* _Work instruction_
Go through the records and give each one again exactly, omitting the images.

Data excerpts
• • • • • • •
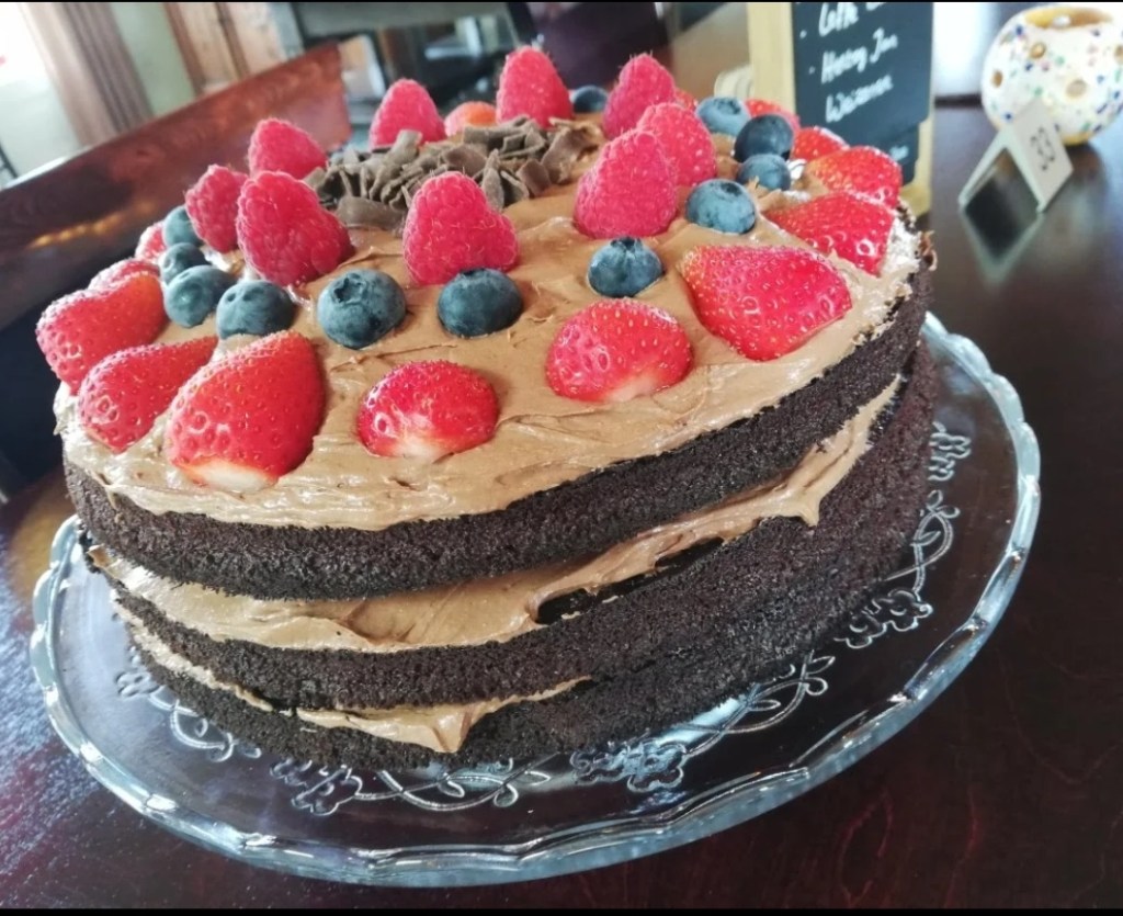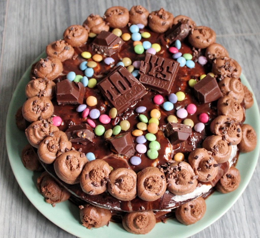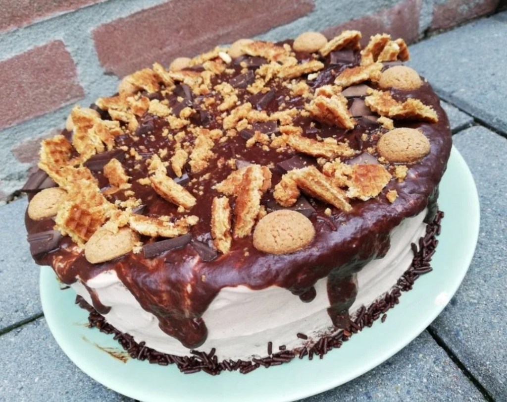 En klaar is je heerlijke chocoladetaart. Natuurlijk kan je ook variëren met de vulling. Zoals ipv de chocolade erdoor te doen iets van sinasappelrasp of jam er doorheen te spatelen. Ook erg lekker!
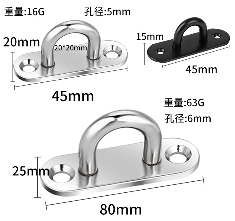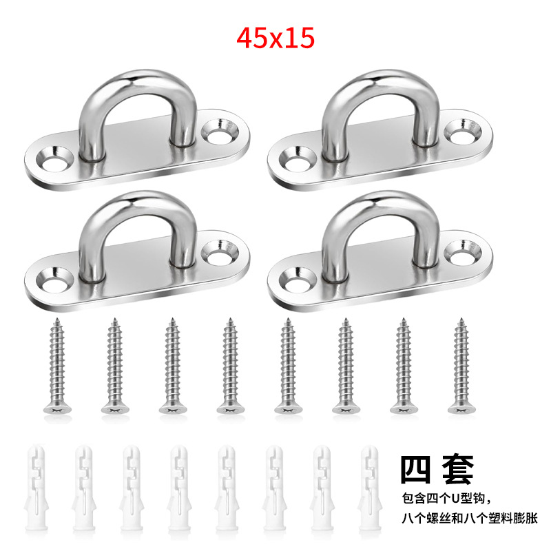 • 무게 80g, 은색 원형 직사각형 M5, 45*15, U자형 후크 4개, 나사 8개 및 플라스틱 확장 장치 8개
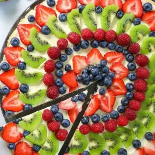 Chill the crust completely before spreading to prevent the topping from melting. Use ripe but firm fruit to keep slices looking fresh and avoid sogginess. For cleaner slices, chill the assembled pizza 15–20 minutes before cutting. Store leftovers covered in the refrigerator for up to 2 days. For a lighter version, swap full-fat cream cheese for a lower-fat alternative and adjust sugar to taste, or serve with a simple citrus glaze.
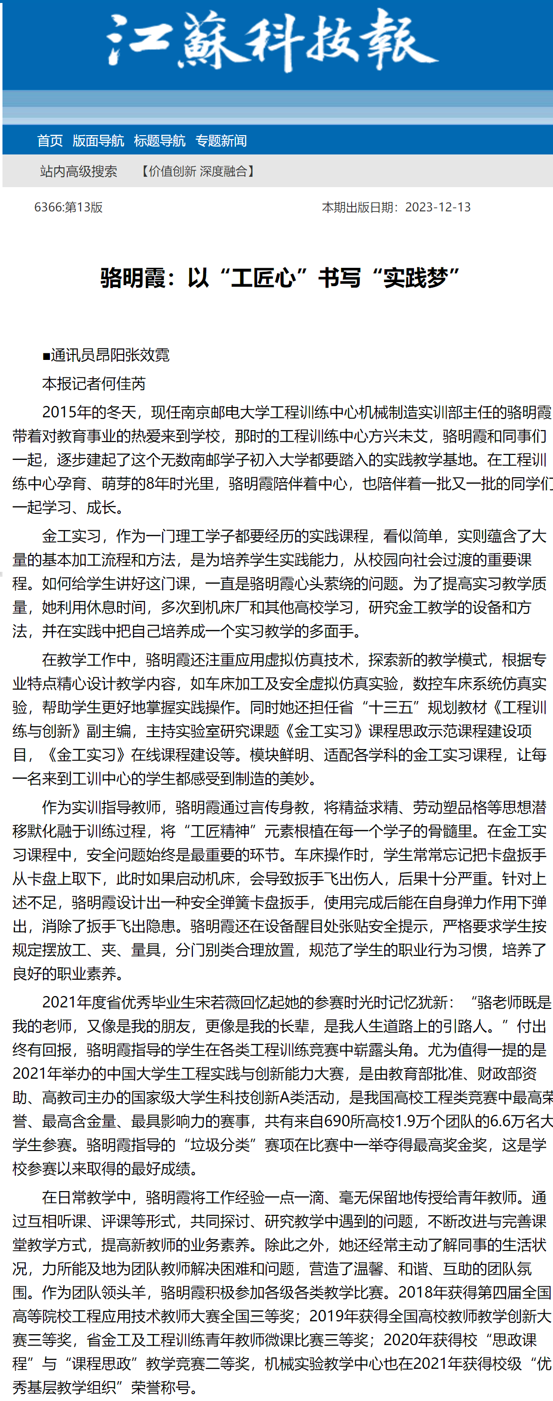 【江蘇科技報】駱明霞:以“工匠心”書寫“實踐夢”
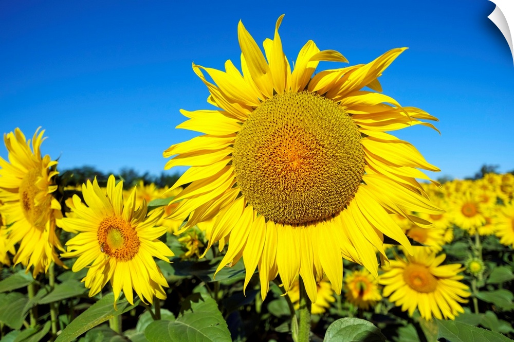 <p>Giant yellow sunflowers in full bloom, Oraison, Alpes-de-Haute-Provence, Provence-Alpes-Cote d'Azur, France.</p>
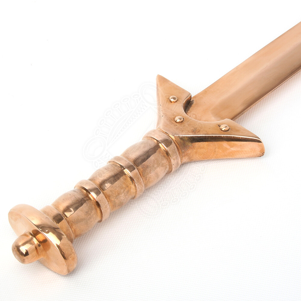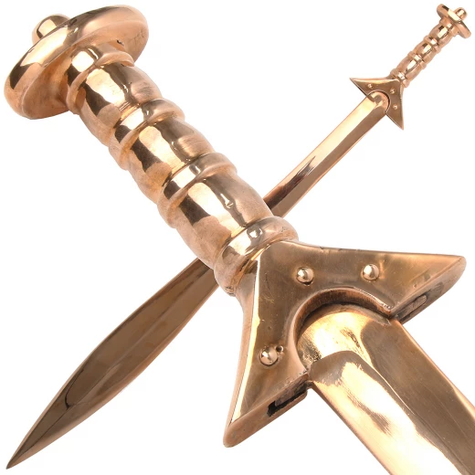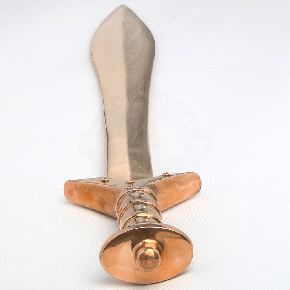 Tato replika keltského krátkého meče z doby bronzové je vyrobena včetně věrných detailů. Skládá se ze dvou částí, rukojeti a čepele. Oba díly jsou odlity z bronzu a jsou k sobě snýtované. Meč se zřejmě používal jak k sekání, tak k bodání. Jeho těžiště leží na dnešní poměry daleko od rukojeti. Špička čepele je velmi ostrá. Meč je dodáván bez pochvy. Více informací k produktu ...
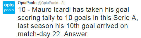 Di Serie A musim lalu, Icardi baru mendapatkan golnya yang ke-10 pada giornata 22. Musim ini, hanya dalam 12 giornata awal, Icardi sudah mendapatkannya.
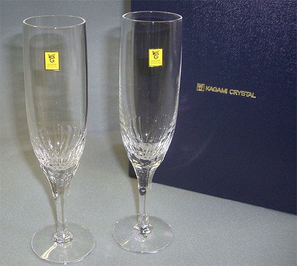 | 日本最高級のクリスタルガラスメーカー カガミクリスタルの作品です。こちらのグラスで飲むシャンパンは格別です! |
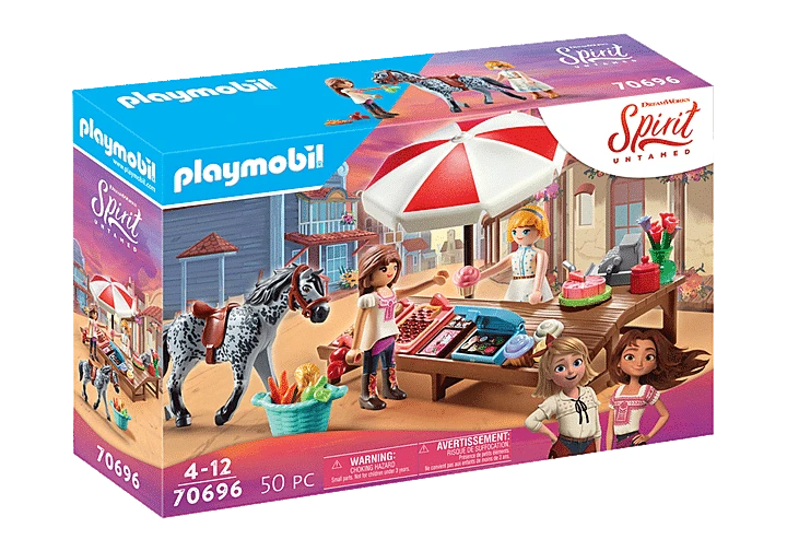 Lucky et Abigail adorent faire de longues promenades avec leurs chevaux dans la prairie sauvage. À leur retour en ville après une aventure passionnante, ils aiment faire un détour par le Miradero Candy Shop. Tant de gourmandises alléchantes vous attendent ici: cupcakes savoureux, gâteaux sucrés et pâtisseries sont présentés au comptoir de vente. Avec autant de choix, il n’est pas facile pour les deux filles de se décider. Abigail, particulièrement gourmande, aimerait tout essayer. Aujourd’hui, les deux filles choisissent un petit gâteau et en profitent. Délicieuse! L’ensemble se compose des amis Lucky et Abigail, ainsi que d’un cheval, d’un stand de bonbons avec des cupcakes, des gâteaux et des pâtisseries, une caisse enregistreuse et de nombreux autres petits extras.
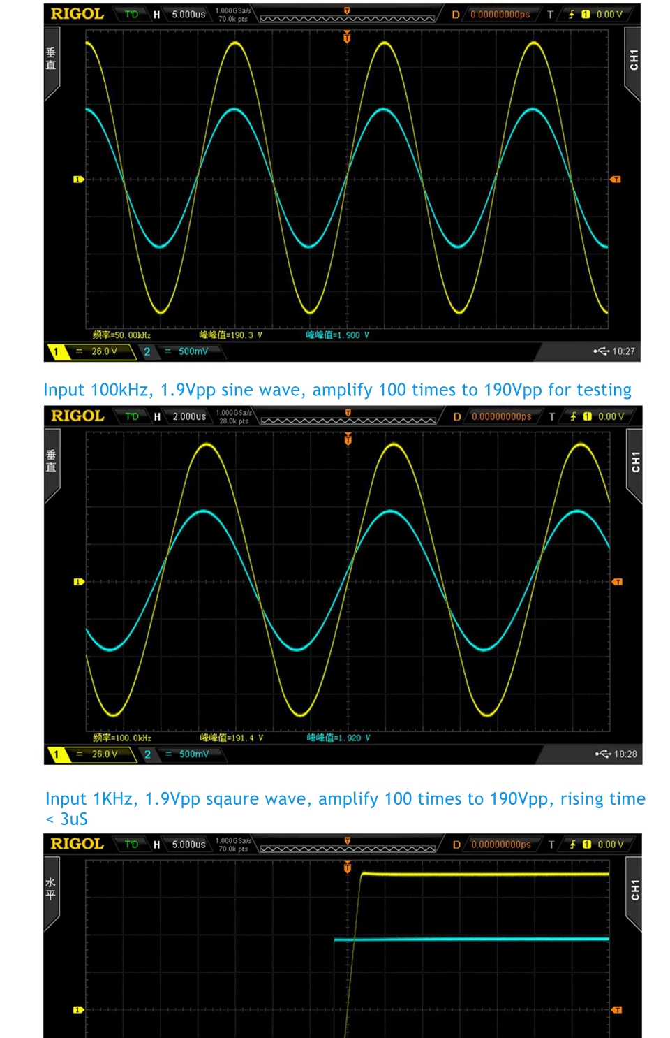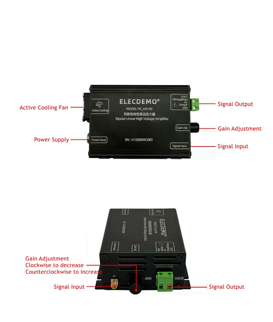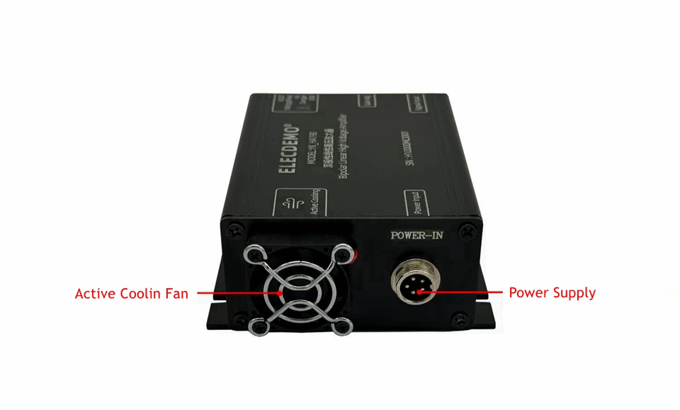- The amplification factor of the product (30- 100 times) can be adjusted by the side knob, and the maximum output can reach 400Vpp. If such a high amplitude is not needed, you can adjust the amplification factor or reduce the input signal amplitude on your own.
• • • • • • •
* _Solution to the exercise_
 En klaar is je heerlijke chocoladetaart. Natuurlijk kan je ook variëren met de vulling. Zoals ipv de chocolade erdoor te doen iets van sinasappelrasp of jam er doorheen te spatelen. Ook erg lekker!
 • 무게 80g, 은색 원형 직사각형 M5, 45*15, U자형 후크 4개, 나사 8개 및 플라스틱 확장 장치 8개
 Chill the crust completely before spreading to prevent the topping from melting. Use ripe but firm fruit to keep slices looking fresh and avoid sogginess. For cleaner slices, chill the assembled pizza 15–20 minutes before cutting. Store leftovers covered in the refrigerator for up to 2 days. For a lighter version, swap full-fat cream cheese for a lower-fat alternative and adjust sugar to taste, or serve with a simple citrus glaze.
 【江蘇科技報】駱明霞:以“工匠心”書寫“實踐夢”
 <p>Giant yellow sunflowers in full bloom, Oraison, Alpes-de-Haute-Provence, Provence-Alpes-Cote d'Azur, France.</p>
 Tato replika keltského krátkého meče z doby bronzové je vyrobena včetně věrných detailů. Skládá se ze dvou částí, rukojeti a čepele. Oba díly jsou odlity z bronzu a jsou k sobě snýtované. Meč se zřejmě používal jak k sekání, tak k bodání. Jeho těžiště leží na dnešní poměry daleko od rukojeti. Špička čepele je velmi ostrá. Meč je dodáván bez pochvy. Více informací k produktu ...
 Di Serie A musim lalu, Icardi baru mendapatkan golnya yang ke-10 pada giornata 22. Musim ini, hanya dalam 12 giornata awal, Icardi sudah mendapatkannya.
 | 日本最高級のクリスタルガラスメーカー カガミクリスタルの作品です。こちらのグラスで飲むシャンパンは格別です! |
 Lucky et Abigail adorent faire de longues promenades avec leurs chevaux dans la prairie sauvage. À leur retour en ville après une aventure passionnante, ils aiment faire un détour par le Miradero Candy Shop. Tant de gourmandises alléchantes vous attendent ici: cupcakes savoureux, gâteaux sucrés et pâtisseries sont présentés au comptoir de vente. Avec autant de choix, il n’est pas facile pour les deux filles de se décider. Abigail, particulièrement gourmande, aimerait tout essayer. Aujourd’hui, les deux filles choisissent un petit gâteau et en profitent. Délicieuse! L’ensemble se compose des amis Lucky et Abigail, ainsi que d’un cheval, d’un stand de bonbons avec des cupcakes, des gâteaux et des pâtisseries, une caisse enregistreuse et de nombreux autres petits extras.
- The amplification factor of the product (30- 100 times) can be adjusted by the side knob, and the maximum output can reach 400Vpp. If such a high amplitude is not needed, you can adjust the amplification factor or reduce the input signal amplitude on your own.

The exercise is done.